# Strauss-Howe generational theory



## sweetrice (Jun 21, 2019)

If you've heard of it, which turning would we be in? 
Which turning would you ascribe the more recent generations to?


----------



## 408610 (Oct 3, 2016)

I think it is Gen Z.


----------



## xraydav (Jan 3, 2013)

I don’t know about you, but I think this describes Generation Z perfectly 



> Artist (Adaptive) generations enter childhood after an Unraveling, during a Crisis, a time when great dangers cut down social and political complexity in favor of public consensus, aggressive institutions, and an ethic of personal sacrifice. Artists grow up overprotected by adults preoccupied with the Crisis, come of age as the socialized and conformist young adults of a post-Crisis world, break out as process-oriented midlife leaders during an Awakening, and age into thoughtful post-Awakening elders.


The crises are either the global financial crises, global terrorism, climate change and 9/11. 

It makes sense that Generation Z grew up with paranoia, even the expansiveness of digital networking, has led to a form of crises, since populations of kids are too addicted to online media. 

A lot of people like me listened to revival punk music such as nu metal like Slipknot and other heavy metal or screaming vocalists. It set us apart, however it’s revival of 70s music because most of the acts were trying to bring back values from their childhood such as the punk music they grew up listening to.

It makes sense we would become socialised and conformist now with the Internet and being surrounded by the expectations of the world 24/7, but yeah we will become wise adults because we lived through the crises. 
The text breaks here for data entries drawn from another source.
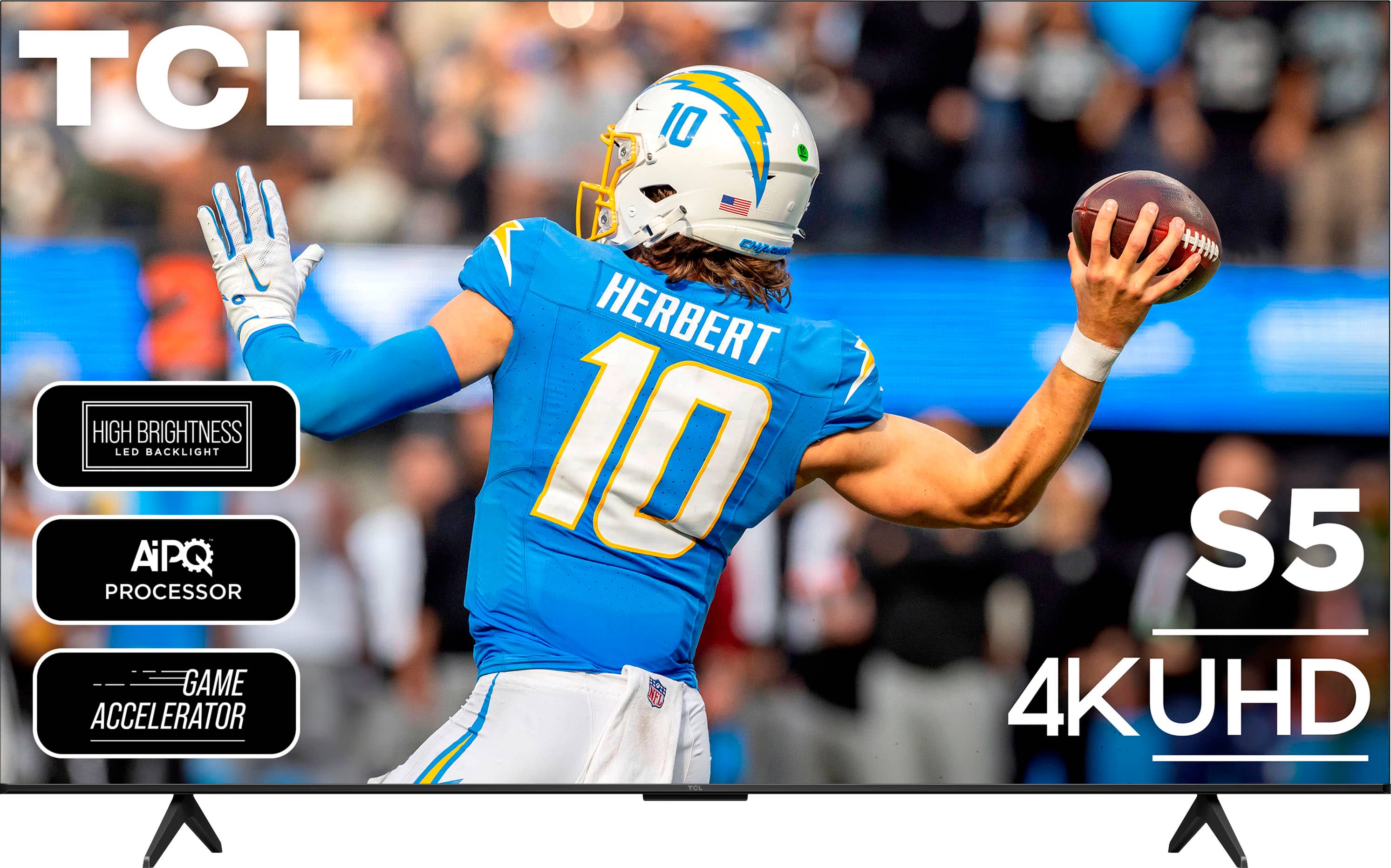 TCL S5 S-Class Smart TVs offer stunning 4K HDR picture quality with four times the resolution of Full HD for enhanced clarity and detail, all wrapped together in an elegant edge-to-edge FullView 360 metal bezel-less design blending seamlessly into any home. The new High Brightness LED backlight produces a brilliant image in any home. Now featuring the TCL AIPQ Processor that optimizes each scene for an unrivaled cinematic experience. HDR PRO+ delivers bright and accurate colors for a lifelike viewing experience with support for Dolby Vision, HDR10+, HDR10, and HLG. In addition, with Motion Rate 240 with MEMC frame insertion, your favorite shows, movies, and sporting events are enhanced for exceptional motion clarity. Game Accelerator 120* VRR provides fast, fluid gameplay without lag. Additionally, Dolby Atmos and DTS Virtual:X are supported, enhancing your audio experience, and enabling virtualized 3D sound using only your TV speakers. An all-new Enhanced Dialogue mode provides better audio clarity for your TV Shows, movies, and video games. TCL S Class TVs are more than just a Smart TV, but a Smart Choice.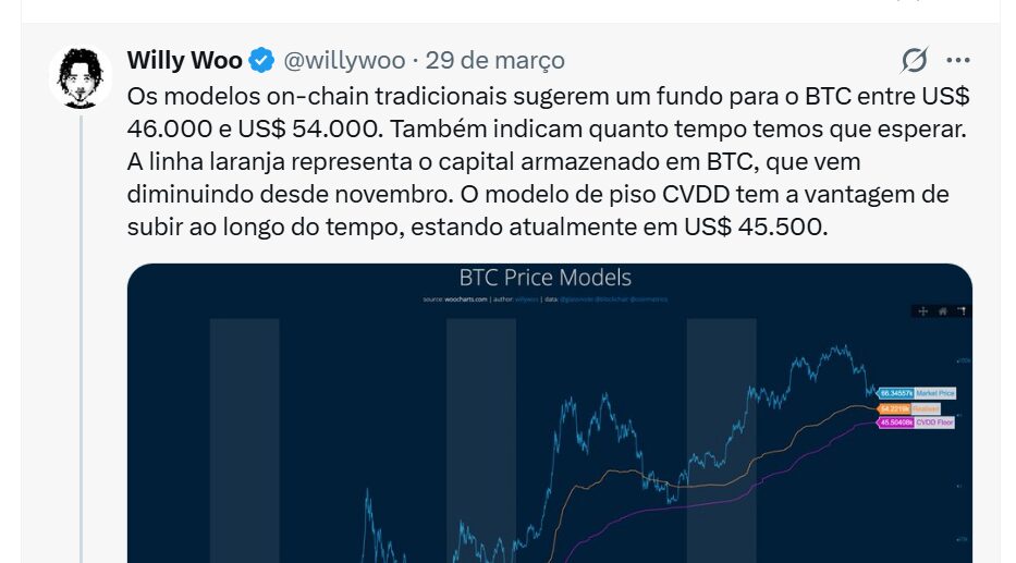 O mercado de criptomoedas segue em um momento de incerteza, e novos dados sugerem que o Bitcoin ainda pode passar por mais ajustes antes de consolidar uma recuperação. De acordo com o analista on-chain Willy Woo, a principal criptomoeda do mercado pode encontrar seu fundo de preço na faixa entre US$ 46 mil e US$ 54 mil.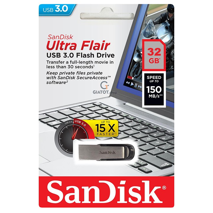 USB 3.0 SanDisk Ultra Flair CZ73 32GBTừ lâu SanDisk đã là nhà sản xuất tiên phong về thiết bị lưu trữ rời và USB.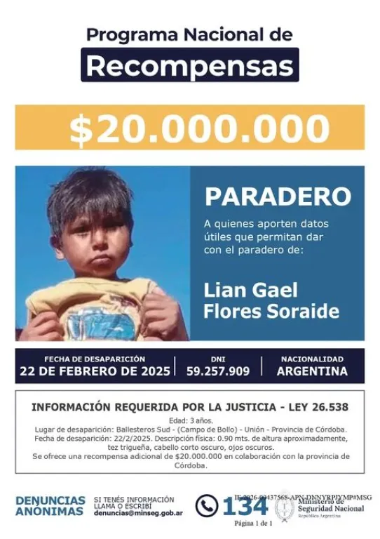 En relación a la desaparición de Lian, ocurrida el 22 de febrero de 2025 en Ballesteros Sud durante la tarde, la cartera de Seguridad había establecido inicialmente un monto de $10 millones. Debido al tiempo transcurrido y la necesidad de obtener testimonios significativos que permitan destrabar la investigación, el Gobierno Nacional decidió elevar la recompensa también a $20 millones.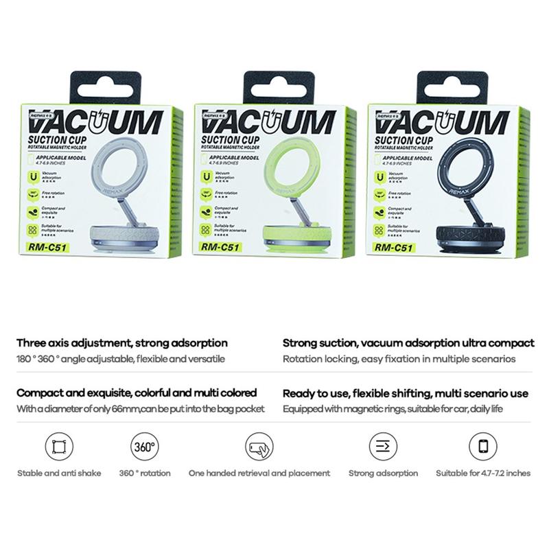 REMAX RM-C51 3-akset magnetisk telefonholder - vakuumsikret sugekopholder til bil, hjem og rejse

Judging from this theory, Generation Z is equivalent to the Silent Generation, so I guess we might be expecting another Elvis Presley, or an entirely outerspace version and new form of music. We just haven’t witnessed them yet, because they’re still in their early 20s, and we would expect culture to change toward the peak of Generation Z in another 6-7 years or so.


----------



## talkingenerations (Jul 24, 2020)

Under this theory, we are currently in a Crisis. Gen Z is also called the Homeland Generation, is under Artist/Adaptive birth years are 2005 - present.


----------



## talkingenerations (Jul 24, 2020)

Birth years are different than many other sources


----------



## Spacenik (Sep 23, 2020)

It's pseudoscientific cyclical theory according to which history repeats every 80 years, and leadership styles depend on date of birth. I don't see the leadership styles of GW Bush, Bill Clinton and Donald Trump as particularly similar, despite the three being born in the same year. Rather, Bush was more like Ronald Reagan, who was born over 30 years earlier.
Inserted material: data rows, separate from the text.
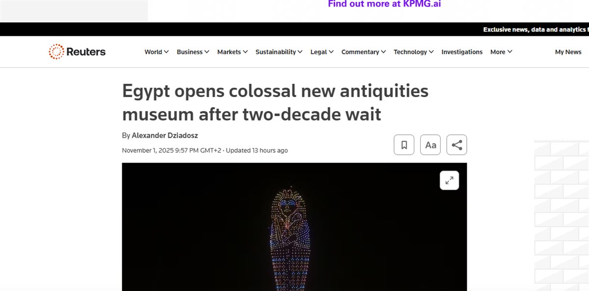 رويترز: مصر تفتتح متحفا ضخما للآثار بعد انتظار دام عقدين من الزمن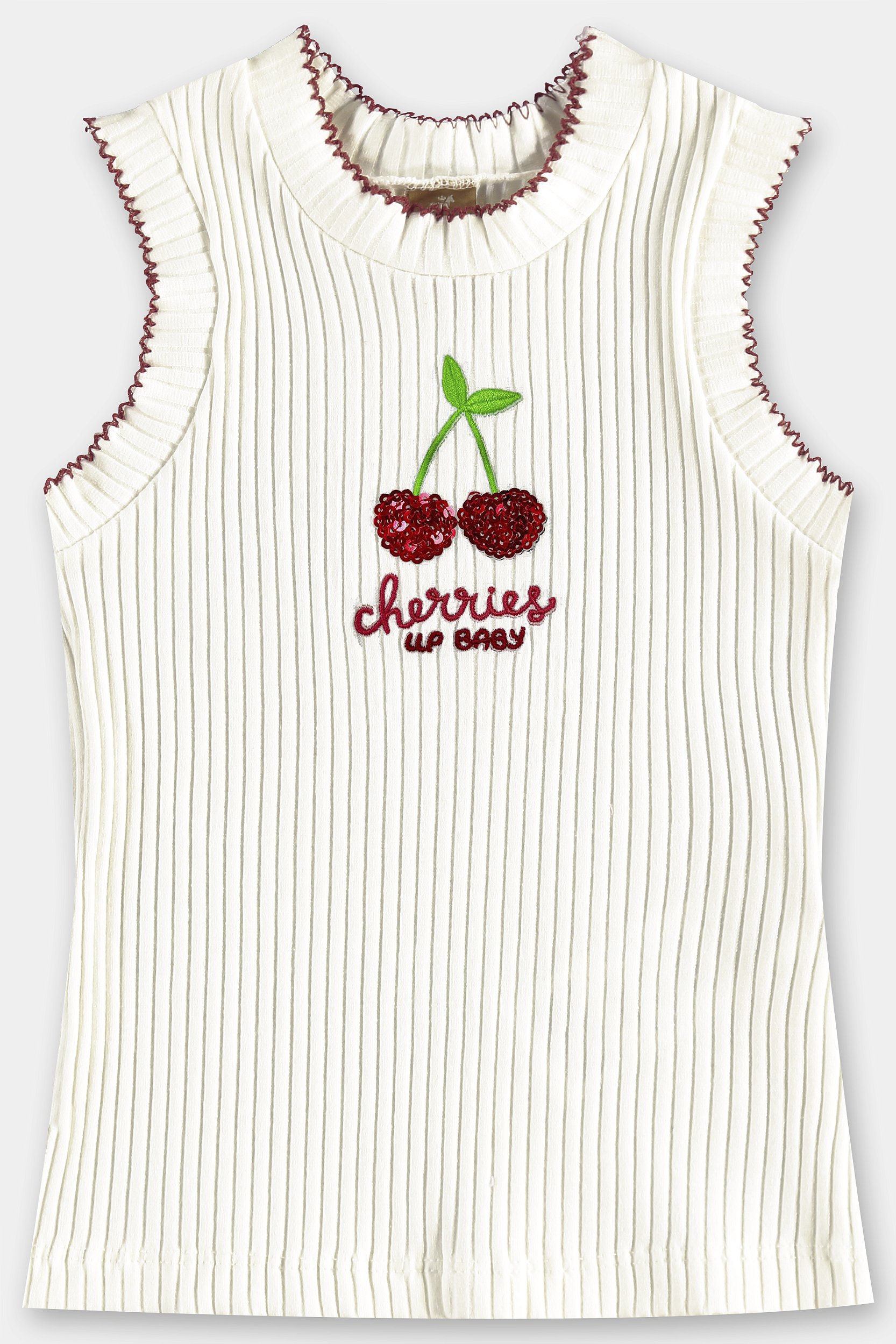 Regata infantil confeccionada em ribana canelada, tecido de algodão com elastano que garante maciez e caimento ajustado ao corpo da pequena.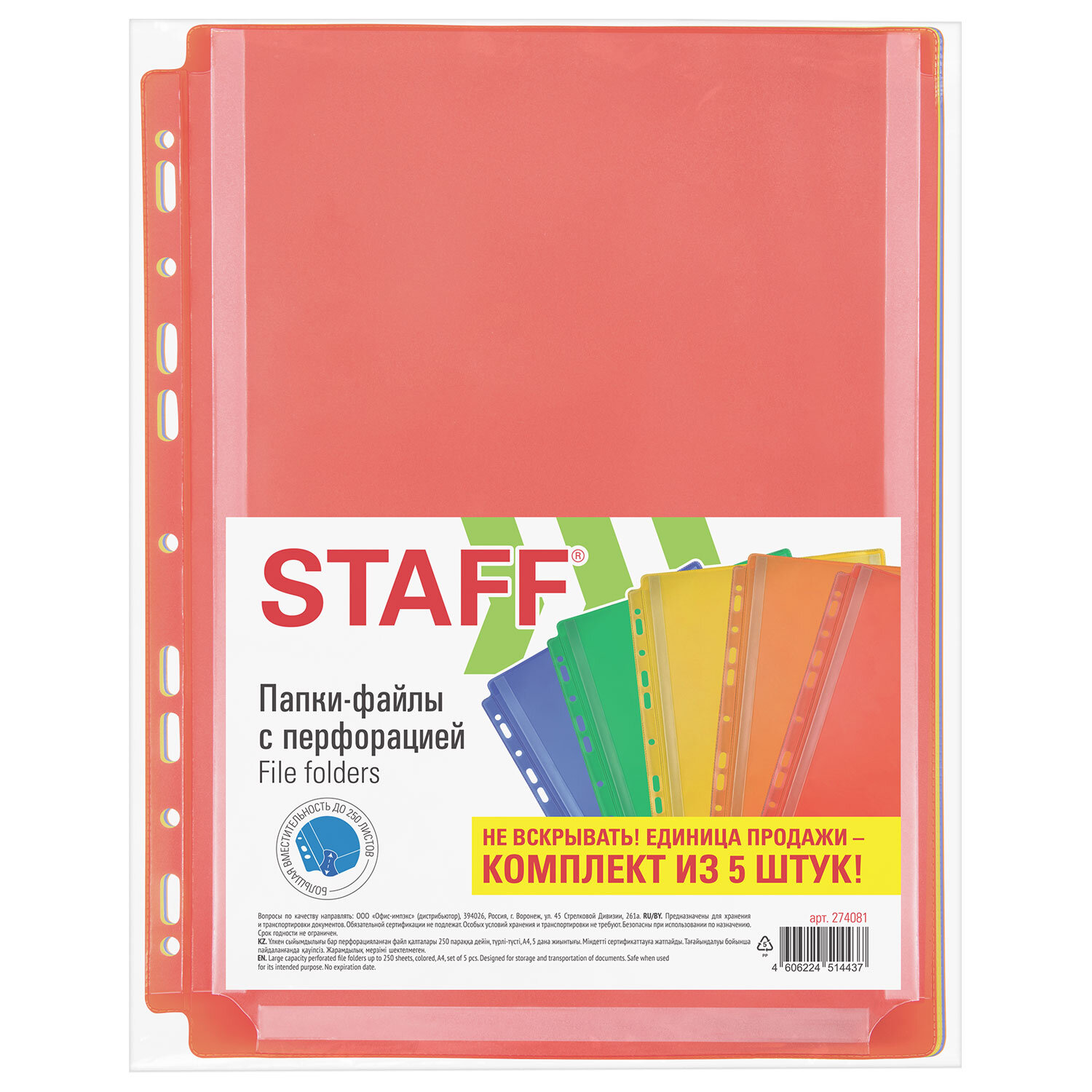 Папки-файлы с перфорацией БОЛЬШОЙ ВМЕСТИМОСТИ до 250 листов, ЦВЕТНЫЕ, А4, КОМПЛЕКТ 5 шт., STAFF Код товара: 274081 502,5 ₽ Купить Производитель:STAFF Цветные перфорированные папки-файлы STAFF большой вместимости предназначены для использования в архивных папках. Папки расширяются до 25 мм по бокам и снизу, что способствует хранению большого объема документов, каталогов, презентаций. Перфопапки формата А4 с вертикальным размещением и универсальной перфорацией имеют матовую поверхность и прочные швы. Лицевая сторона прозрачная, оборотная – тонированная. Увеличенная толщина ПВХ-пленки 180 мкм допускает более интенсивную эксплуатацию, что подходит для хранения документов количеством до 250 листов. Папки расширяются по боковой и по нижней стороне. В комплекте 5 штук.Производство: РоссияФормат: А4Количество в комплекте: 5 шт.Толщина пленки: 180 мкмОриентация: вертикальнаяФактура: матоваяВозможность расширения: даЦвет: ассортиВес: 210 грРазмер упаковки: 1.2 × 31.8 × 23.7 смОбъём: 0.0004 м3Промежуточная упаковка: 60 штТранспортная упаковка: 60 штШтрих-код: 4606224514437 Файлы Сертификат-1.jpg Сертификат-2.jpg Сертификат-3.jpg Сертификат-4.jpg Сертификат-5.jpg Сертификат-6.jpg Сертификат-7.jpg Сертификат-8.jpg Сертификат-9.jpg Сертификат-10.jpg Сертификат-11.jpg Сертификат-12.jpg Сертификат-13.jpg Сертификат-14.jpg Сертификат-15.jpg Сертификат-16.jpg Сертификат-17.jpg Сертификат-18.jpg Сертификат-19.jpg Сертификат-20.jpg Сертификат-21.jpg Сертификат-22.jpg Сертификат-23.jpg Сертификат-24.jpg Сертификат-25.jpg Сертификат-26.jpg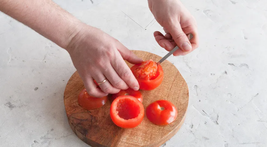 Срежьте и отложите верхушки помидоров. Чайной ложкой выньте мякоть, стараясь не повредить стенки помидора. Помидоры слегка посолите и поперчите, мякоть мелко порубите.

For an in-depth analysis, read this:




__





William Strauss and Neil Howe


William Strauss (1947-2007) and Neil Howe (1951-) think society turns on a repeating set of four circa 20-year stages in an approximately 80-year cycle and they try to predict the future based on this.




rationalwiki.org





The most important argument to debunk it: if there is one crisis every 80 years, why didn't WW2 wait until 1997?


----------